RAW_BUFFERClick to expand / collapse

Your current environment

vLLM version: 0.17.0 (also current main)
GPU: NVIDIA A100
Python: 3.12
CUDA: 13.1

Model

deepseek-ai/DeepSeek-OCR (DeepseekOCRForCausalLM)

🐛 Describe the bug

DeepseekOCRForCausalLM crashes with a fatal EngineDeadError when processing images that do not require cropping (images ≤ 640×640 pixels). The V1 engine dies on the first such request and all subsequent requests fail.

Error:

ValueError: images_crop dim[2] expected 1024, got 640.
Expected shape: ('bnp', 3, 1024, 1024), but got torch.Size([0, 3, 640, 640])

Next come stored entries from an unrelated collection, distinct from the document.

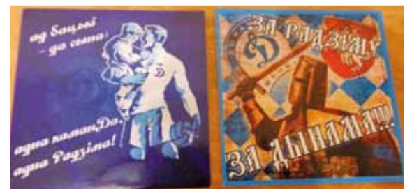
Стыкеры «Дынама» нагадваюць аб вернасці клубу.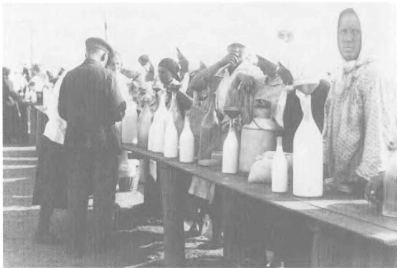
Торговля молоком. Донбасс, Украина, 1932.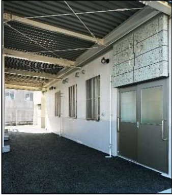
④マッチングエリア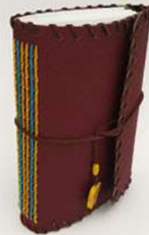
Cuaderno Vino imitación piel, forro estampado interior buhos, porta pluma 120 hojas bond. Medidas: 14.5x22x3 cm $250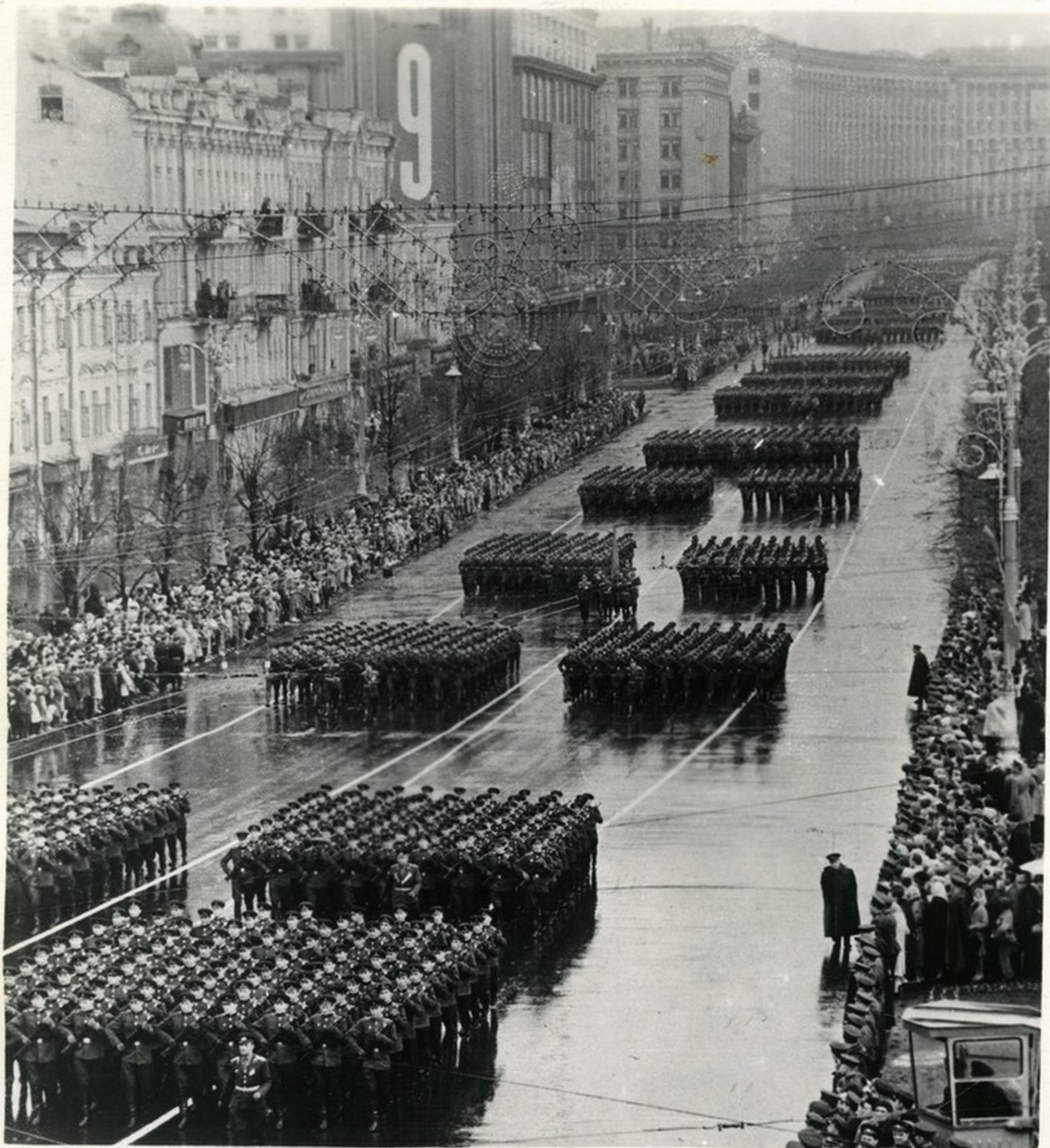
Парад на Крещатике.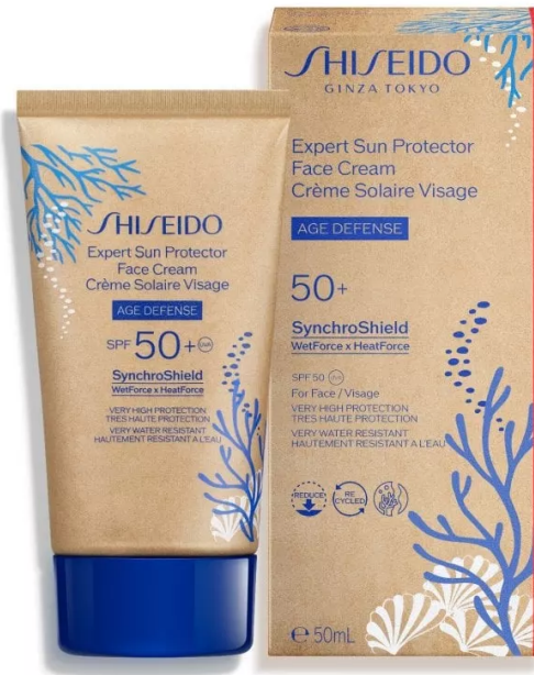
Expert Sun Protector Face Cream Spf 50+ di Shiseido

Expert Sun Protector Face Cream Spf 50+ di Shiseido: un potente scudo contro i raggi Uvb, combinato con un efficace filtro Uva (entrambi testati "Coral Safe"), per assicurare alla pelle protezione ad ampio spettro. Questo solare viso si basa sulla tecnologia SynchroShield, un velo protettivo che diventa più omogeneo e potente quando la pelle è esposta ad acqua o calore. Per questa edizione limitata si rinnova con un packaging più rispettoso dell'ambiente, con tubetti realizzati con il 48% in meno di plastica derivata dal petrolio. Inoltre, la sua formula è stata ricalibrata per ridurre la dispersione in mare.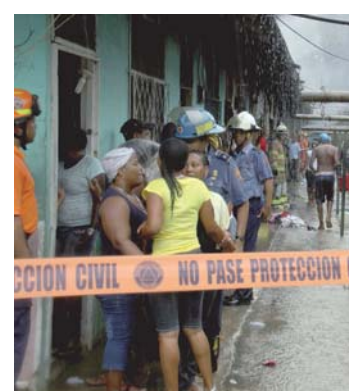
Camisas rojas no quieren intromisión.

Las diferencias tienen raíz en los recientes incendios, donde rescatistas y bomberos difieren en los procedimientos y se reclaman fallas. +6A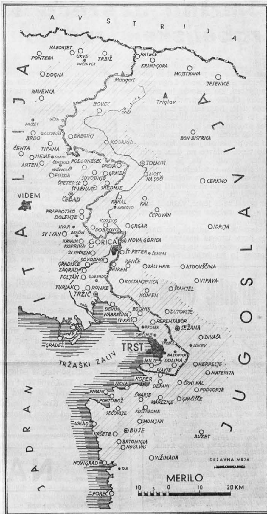
Desetkilometerski pas, kjer se izvaja mali obmejni promet med Italijo in Jugoslavijo

Država in dežela morata izdati take zakone, ki bodo upoštevali tudi socialni moment naših krajev, da se bodo mogli industrializirati in si tako zagotoviti nadaljni življenjski obstoj.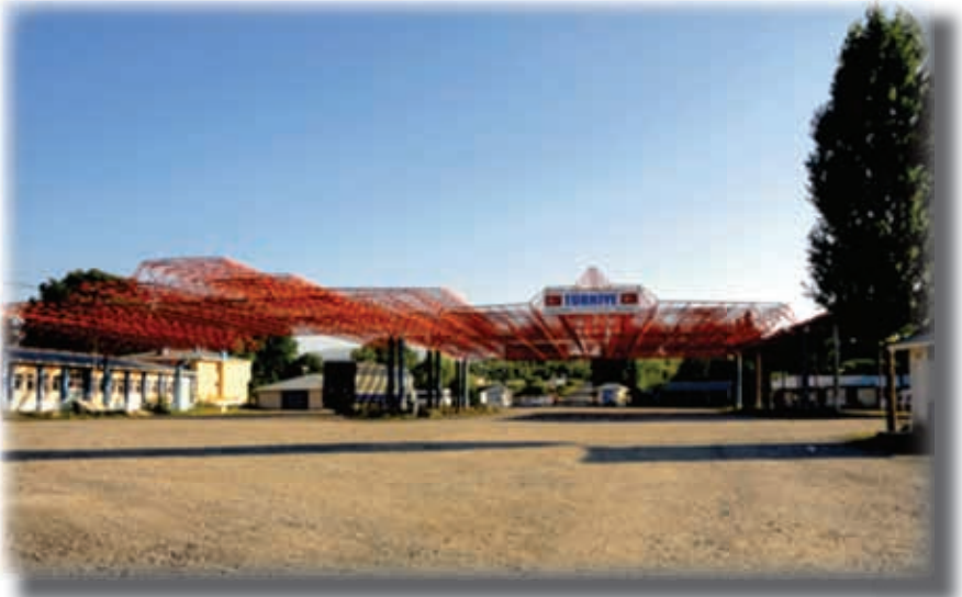
Fotoğraf 3: Türkgözü Sınır Kapısı, 08.09.2011

2002 yılında yapılan hizmet binaları için verilen oturulamaz raporu nedeniyle Bayındırlık İl Müdürlüğü ile yüklenici firma arasındaki mahkeme süreci devam etmektedir. Yüksek Planlama Kurulu (YPK) yetki kararı alınmış, avam projesi hazırlanmış ve TOBB tarafından tekrar yapılacak olmasına rağmen yargıya intikal eden anlaşmazlık nedeniyle sınır kapısında herhangi bir iyileştirici çalışma yapılamamaktadır. TOBB tarafından yapılacak inşaat öncesi sınır kapısının imar planının hazırlanması gerekmektedir. 2011 yılı birinci yarısına kadar prefabrik yapılarda hizmet sunan Türkgözü Gümrük İdaresi, yılın ikinci yarısı itibariyle ihtilafli binada hizmet vermektedir. Kasım 2012 itibarıyla sınır kapısında 23 personel görev yapmaktadır.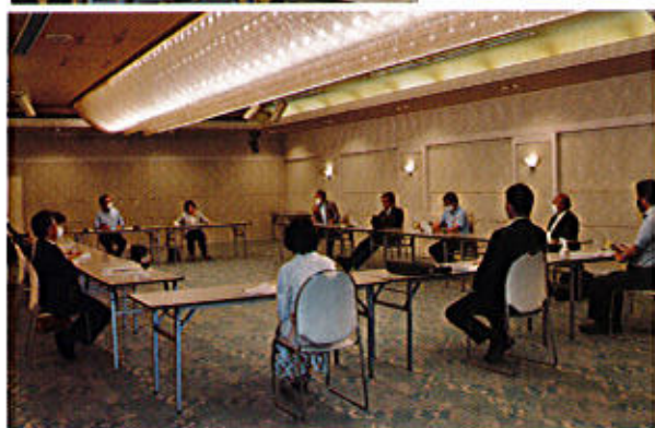
ホテルルプラ王山 2F 葵の間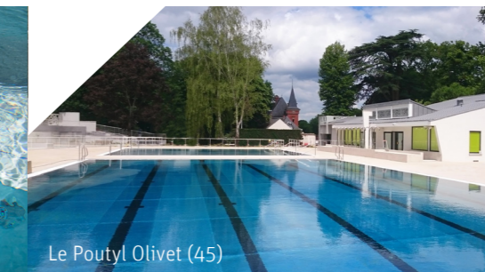
Le Poutyl Olivet (45)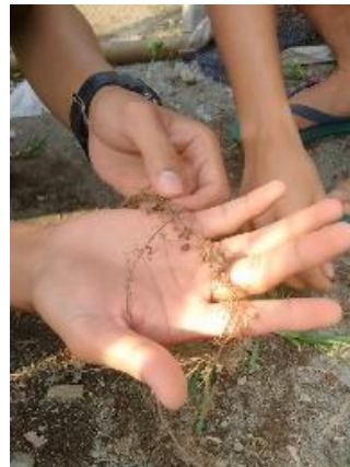
Perhitungan Bintil Akar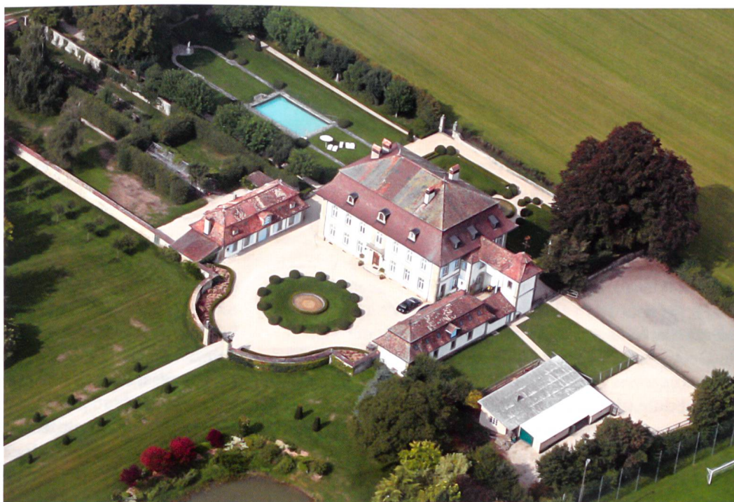
Fig.4 Château de Forel à Middel.

pondent à l'idéal du domaine de campagne aristocrate, avec élégante cage d'escalier, salon, boudoirs, chambres à coucher, ainsi que jardin et parc. 15 Dans la catégorie des maisons de maître imposantes, avec grange et ferme, on compte également la maison de campagne du conseiller François-Jacques Chollet (1693–1743), construite au milieu du XVIII e siècle à Grolley. 16 D'autres châteaux sont construits en 1769 à Seedorf (fig.6) pour Nicolas-Joseph Emmanuel Vonderweid (1720–1795), ainsi qu'en 1770 pour la branche de Fégely, dans le village voisin de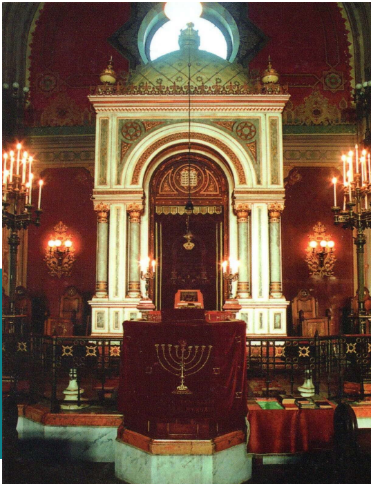
Pécs, a zsinagóga belső tere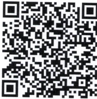
Fig. nº 53 Assinatura

Para facilitar a consulta ou a validação deste documento, use um leitor de QR CODE. Edição com registro número: 0882021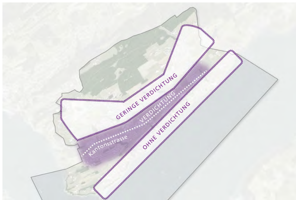
Potenziale zur Innenentwicklung für die einzelnen Quartiere von Meggen.

Basierend auf statistischen Daten wie Einwohner- und Wohnungsdichte, Wohnungsbelegung, Wohnflächen der kantonalen Dienststelle Raum und Wirtschaft (rawi) wurden die quantitativen Potenziale zur Innenentwicklung für die einzelnen Quartiere von Meggen ermittelt (Quartieranalyse, siehe nachfolgende Grafik).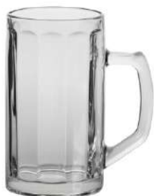
Brema Optik 0,5 l H 159 mm | Ø 86 mm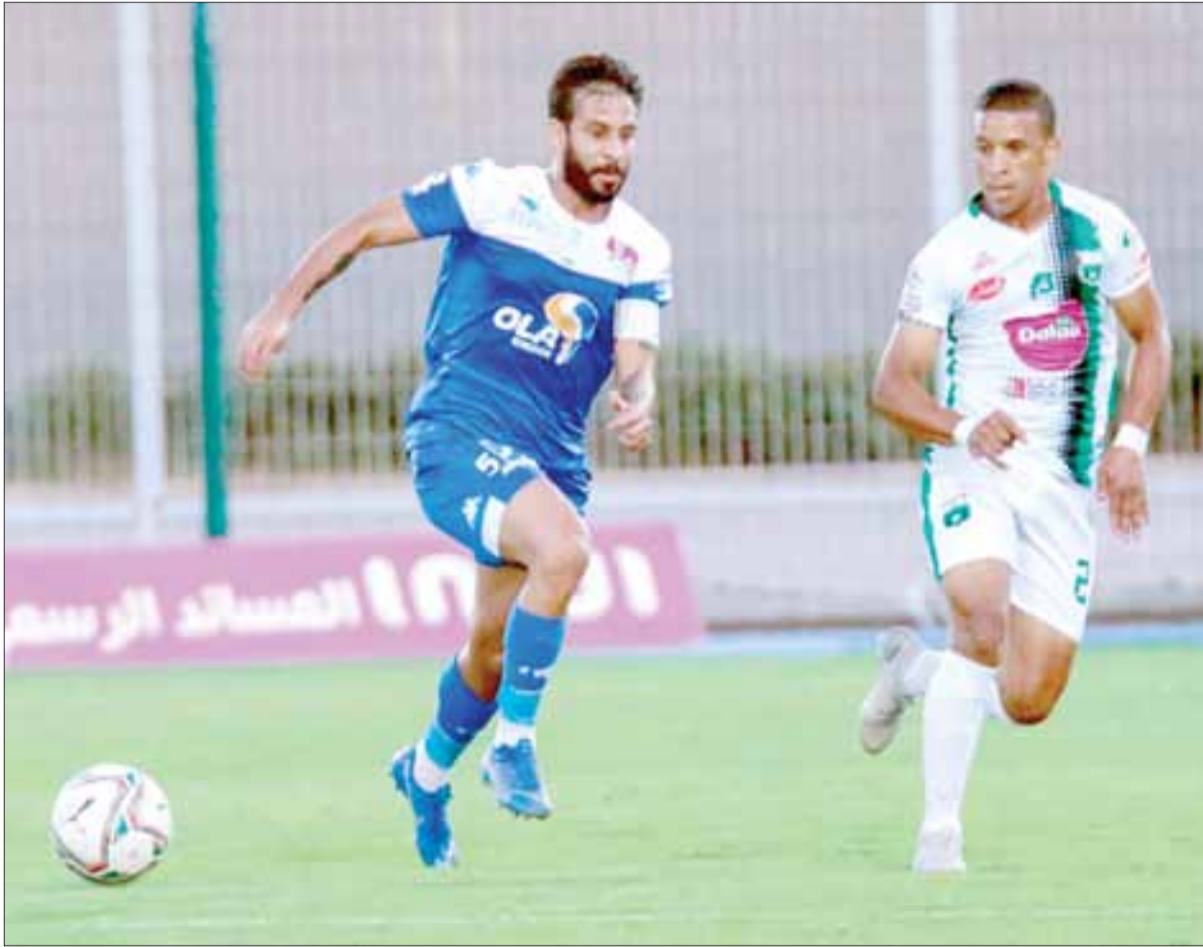
من لقاء الدورة الأولى بين اليوسفية والرجاء

The fix is trivial — remove the numel() > 0 guard since shape[-1] is valid on zero-element tensors:

# Before (buggy):
if images_crop is not None and images_crop.numel() > 0:
    image_size = images_crop.shape[-1]
else:
    image_size = base_size

# After (fixed):
if images_crop is not None:
    image_size = images_crop.shape[-1]
else:
    image_size = base_size

Note: deepseek_ocr2.py avoids this entirely by not binding image_size in resolve_bindings (only binds base_size).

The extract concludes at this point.